In celebration of the 25th anniversary of Back To The Future, the entire trilogy was re-released on a special edition Blu-ray DVD this week. In addition, AMC theatres held select screenings of the original film on 158 screens in over 40 cities.
Fans of Back To The Future came out to celebrate and revisit the iconic characters created in the films: Chistopher Lloyd as the lovable mad scientist, Doc Brown; Crispin Glover as the quintessential geek-hero, George McFly; Thomas F. Wilson as the equally quintessential bully-who-gets-his, Biff Tannen; Lea Thompson as Marty’s (sometimes disturbingly) super-sexy mom, Lorraine; and of course, Michael J. Fox as the young, old and young again, Marty McFly.

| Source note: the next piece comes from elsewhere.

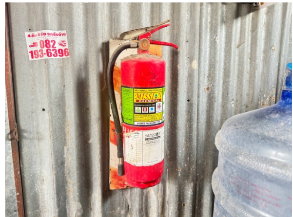
ถังดับเพลิง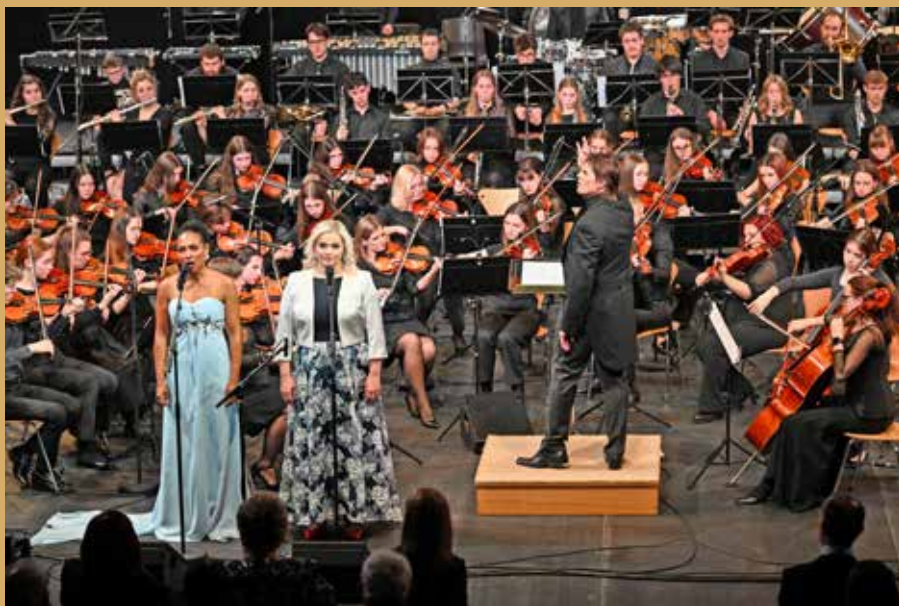
Izvedba koncerta ob slovenskem kulturnem prazniku, 7.2.2025

Michael J Fox’s career spans nearly 40 years and includes some of the most memorably charming characters ever to be captured on celluloid (well, back then it was mostly still celluloid). From Alex P. Keaton to Brantley Foster to Spin City’s Mike Flaherty, Michael J. Fox is always somehow relatable and likable, even when his characters are committing what may be some less-than-savory acts. Those qualities are what made him the perfect choice to portray the appealing, and often excitable, Marty McFly.
He captivated audiences with his portrayal of the every-man/boy, and it’s hard to imagine any other actor in that career-defining role, but, as has oft been discussed of late (and as all of us BTTF nerds know), Michael J. Fox took over the role of Marty five weeks into production on Back To The Future.
Although Fox was always the first choice, scheduling conflicts with Family Ties forced director Robert Zemeckis to hire Eric Stoltz to play the role. A little over a month into production, Zemeckis felt that he wasn’t getting what he needed from Stoltz, and made the switch to Fox. As part of the Back to the Future anniversary Blu-ray, the film’s creators talk about the casting shift, and why Fox was so fundamental to the success of the franchise.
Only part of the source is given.